Il mondo che abbiamo costruito e che andiamo costruendo risponde in qualche misura al desiderio e alle aspettative dei bambini? Un bambino di cinque anni di Correggio diceva: "Se gli adulti non ascoltano i bambini vanno incontro a guai grossi".

 

 

Si può concordare con questa affermazione? Certamente!E quali sono questi "guai grossi"? Ce l’ha spiegato un’altra bambina, di 12 anni, che, nel 1992, ha parlato, a Rio de Janeiro, davanti a 108 capi di Stato.

 

Ecco le sue parole: "Sono qui a parlare a nome di tutte le generazioni che verranno. I genitori  dovrebbero poter confortare i loro figli dicendo loro: andrà bene, il mondo non finirà, noi stiamo facendo del nostro meglio. Ma io non credo che i nostri genitori possano più dirci queste cose. Siamo proprio sicuri che noi figli siamo fra le loro priorità? Mio padre mi dice sempre: Tu sei quello che fai, non quello che dici. Ebbene, ciò che voi fate mi fa piangere di notte. Voi adulti dite che ci volete bene, che siamo importanti per voi. Vi scongiuro: fate in modo che le vostre azioni riflettano le vostre parole."


Quale mondo stiamo costruendo per i nostri figli?

 
Io mi vergogno a parlare di tutto questo davanti a dei bambini, ma dobbiamo farlo. La crisi ambientale, quella politica, quella morale, quella economica e infine quella nucleare, dicono che quel bambino di Correggio aveva ragione.

Gli adulti hanno costruito le città adattandole esclusivamente alle loro esigenze e specialmente a quelle delle loro auto e così hanno escluso  gli anziani, i disabili, i bambini, gli stranieri, i poveri.

 

Rispetto alla salute le conseguenze sono obesità infantile, iperattività, stress e relativa dipendenza da farmaci.

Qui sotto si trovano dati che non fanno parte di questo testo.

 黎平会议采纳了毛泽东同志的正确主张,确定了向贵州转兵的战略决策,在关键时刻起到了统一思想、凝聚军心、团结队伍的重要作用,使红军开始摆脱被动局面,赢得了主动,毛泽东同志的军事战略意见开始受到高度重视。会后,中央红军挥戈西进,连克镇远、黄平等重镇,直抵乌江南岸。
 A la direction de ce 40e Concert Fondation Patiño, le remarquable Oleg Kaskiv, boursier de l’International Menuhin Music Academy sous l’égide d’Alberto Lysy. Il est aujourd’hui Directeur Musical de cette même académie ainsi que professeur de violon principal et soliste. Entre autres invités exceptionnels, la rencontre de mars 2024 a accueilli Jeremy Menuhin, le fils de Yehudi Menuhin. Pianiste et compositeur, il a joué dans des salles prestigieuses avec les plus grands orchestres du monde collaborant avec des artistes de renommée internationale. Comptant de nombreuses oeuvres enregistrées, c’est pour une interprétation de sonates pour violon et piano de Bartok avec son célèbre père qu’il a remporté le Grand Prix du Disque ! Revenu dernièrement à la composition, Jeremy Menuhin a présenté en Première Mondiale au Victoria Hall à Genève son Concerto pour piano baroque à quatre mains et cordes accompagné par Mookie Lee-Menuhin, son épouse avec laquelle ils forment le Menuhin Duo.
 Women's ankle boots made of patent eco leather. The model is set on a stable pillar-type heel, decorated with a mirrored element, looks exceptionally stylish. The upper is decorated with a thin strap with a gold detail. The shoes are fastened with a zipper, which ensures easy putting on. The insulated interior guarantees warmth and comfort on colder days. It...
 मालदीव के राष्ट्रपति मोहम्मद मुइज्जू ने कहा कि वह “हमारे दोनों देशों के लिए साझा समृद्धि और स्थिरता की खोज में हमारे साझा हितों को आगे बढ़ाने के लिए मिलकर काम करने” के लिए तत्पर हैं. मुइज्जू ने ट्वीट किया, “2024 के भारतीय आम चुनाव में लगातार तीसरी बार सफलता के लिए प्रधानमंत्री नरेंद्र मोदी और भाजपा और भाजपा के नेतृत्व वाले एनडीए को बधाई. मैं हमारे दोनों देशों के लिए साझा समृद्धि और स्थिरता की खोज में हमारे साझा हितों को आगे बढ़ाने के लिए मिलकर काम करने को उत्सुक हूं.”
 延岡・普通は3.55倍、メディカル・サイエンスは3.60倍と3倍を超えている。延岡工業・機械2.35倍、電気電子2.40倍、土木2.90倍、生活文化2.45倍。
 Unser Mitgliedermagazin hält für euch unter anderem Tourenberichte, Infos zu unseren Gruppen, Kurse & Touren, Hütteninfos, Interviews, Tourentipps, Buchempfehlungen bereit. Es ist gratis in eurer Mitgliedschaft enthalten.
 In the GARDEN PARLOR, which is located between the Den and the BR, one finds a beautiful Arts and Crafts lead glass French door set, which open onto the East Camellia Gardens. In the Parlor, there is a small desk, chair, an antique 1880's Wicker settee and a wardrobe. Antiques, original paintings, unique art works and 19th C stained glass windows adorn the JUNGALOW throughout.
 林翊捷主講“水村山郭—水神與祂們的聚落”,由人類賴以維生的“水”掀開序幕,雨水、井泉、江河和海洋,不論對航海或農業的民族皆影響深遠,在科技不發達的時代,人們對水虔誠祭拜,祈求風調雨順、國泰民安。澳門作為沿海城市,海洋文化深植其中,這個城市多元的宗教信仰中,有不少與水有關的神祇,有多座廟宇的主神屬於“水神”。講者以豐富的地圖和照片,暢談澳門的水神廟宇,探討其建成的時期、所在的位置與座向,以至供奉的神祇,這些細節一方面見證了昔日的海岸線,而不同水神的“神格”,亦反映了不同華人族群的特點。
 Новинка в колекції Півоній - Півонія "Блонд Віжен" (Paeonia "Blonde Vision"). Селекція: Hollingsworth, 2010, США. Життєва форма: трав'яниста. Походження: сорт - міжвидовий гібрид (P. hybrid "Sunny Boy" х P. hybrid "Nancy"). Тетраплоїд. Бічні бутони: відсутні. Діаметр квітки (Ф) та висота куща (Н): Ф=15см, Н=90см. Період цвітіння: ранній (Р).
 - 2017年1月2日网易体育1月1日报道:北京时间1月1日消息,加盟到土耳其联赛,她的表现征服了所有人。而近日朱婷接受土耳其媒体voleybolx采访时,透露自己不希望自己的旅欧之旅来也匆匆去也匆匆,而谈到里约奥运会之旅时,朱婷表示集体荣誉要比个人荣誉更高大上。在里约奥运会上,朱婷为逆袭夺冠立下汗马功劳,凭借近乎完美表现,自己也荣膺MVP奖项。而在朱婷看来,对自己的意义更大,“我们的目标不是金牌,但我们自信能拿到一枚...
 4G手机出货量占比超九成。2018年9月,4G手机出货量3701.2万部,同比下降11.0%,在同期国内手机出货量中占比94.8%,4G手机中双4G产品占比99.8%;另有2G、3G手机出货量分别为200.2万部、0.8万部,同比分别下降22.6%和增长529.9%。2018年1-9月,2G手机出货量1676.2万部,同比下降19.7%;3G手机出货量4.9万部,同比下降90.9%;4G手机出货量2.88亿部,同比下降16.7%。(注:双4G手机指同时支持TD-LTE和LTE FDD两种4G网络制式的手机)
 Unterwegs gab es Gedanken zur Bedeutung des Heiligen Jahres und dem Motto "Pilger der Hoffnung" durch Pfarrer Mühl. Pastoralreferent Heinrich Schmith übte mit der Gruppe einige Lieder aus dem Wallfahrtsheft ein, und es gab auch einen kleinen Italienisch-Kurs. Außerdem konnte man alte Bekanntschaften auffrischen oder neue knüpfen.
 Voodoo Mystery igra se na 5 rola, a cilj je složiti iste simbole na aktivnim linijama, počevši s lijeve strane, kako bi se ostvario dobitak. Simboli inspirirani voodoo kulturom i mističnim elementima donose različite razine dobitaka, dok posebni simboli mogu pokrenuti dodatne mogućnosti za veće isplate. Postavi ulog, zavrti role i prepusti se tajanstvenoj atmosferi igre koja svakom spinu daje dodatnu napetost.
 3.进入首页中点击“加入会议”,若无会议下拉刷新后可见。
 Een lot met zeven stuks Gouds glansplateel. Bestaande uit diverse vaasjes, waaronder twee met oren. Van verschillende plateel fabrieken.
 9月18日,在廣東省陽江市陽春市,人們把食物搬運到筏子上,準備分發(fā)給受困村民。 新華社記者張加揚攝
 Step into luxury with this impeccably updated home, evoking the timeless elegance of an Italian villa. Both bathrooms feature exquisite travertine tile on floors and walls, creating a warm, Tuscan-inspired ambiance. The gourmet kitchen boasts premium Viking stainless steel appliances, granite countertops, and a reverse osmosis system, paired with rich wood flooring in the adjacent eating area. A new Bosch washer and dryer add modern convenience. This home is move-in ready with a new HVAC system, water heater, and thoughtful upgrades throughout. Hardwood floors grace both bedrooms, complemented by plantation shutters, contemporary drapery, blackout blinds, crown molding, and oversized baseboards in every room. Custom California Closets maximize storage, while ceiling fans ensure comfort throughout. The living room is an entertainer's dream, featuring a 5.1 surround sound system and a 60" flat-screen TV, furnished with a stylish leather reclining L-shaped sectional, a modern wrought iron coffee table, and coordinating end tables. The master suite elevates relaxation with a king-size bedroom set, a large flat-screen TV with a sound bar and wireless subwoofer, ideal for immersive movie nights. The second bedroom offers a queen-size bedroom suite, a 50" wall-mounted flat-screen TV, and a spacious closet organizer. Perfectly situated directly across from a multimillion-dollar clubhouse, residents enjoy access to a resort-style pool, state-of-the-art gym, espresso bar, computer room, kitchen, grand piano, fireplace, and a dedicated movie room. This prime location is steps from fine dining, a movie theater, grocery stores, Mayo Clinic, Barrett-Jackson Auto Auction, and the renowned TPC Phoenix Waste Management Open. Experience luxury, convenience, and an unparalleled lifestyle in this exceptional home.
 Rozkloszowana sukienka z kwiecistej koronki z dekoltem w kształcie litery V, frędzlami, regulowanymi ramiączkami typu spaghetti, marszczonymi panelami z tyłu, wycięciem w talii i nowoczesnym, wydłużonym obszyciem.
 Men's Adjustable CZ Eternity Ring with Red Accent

Rispetto allo sviluppo gli adolescenti manifestano il loro disagio e la loro avversione per questo nostro mondo facendo del male (ecco, allora, il bullismo, il vandalismo) o facendosi del male nei modi più diversi: obesità, abusi di sostanze, incidenti, suicidi. E’già successo un fatto gravissimo, ed è la prima volta nella storia dell’umanità: le generazioni che verranno avranno una speranza di vita minore della nostra, a causa dell’inquinamento, delle polveri sottili, ecc. Vittoria, una bambina di 10 anni di Rosario, in Argentina, dice: "La colpa di tutto è dei grandi, bisogna limitare il potere dei grandi".Le parole di questi bambini hanno un valore profetico.


Un conflitto nuovo

 
I genitori preoccupati dei pericoli cui possono andare incontro i figli, chiedono più sicurezza, controllo, vigilanza. Vorrebbero proteggere i figli dai pericoli del traffico, dagli incidenti, dai "cattivi incontri" ... .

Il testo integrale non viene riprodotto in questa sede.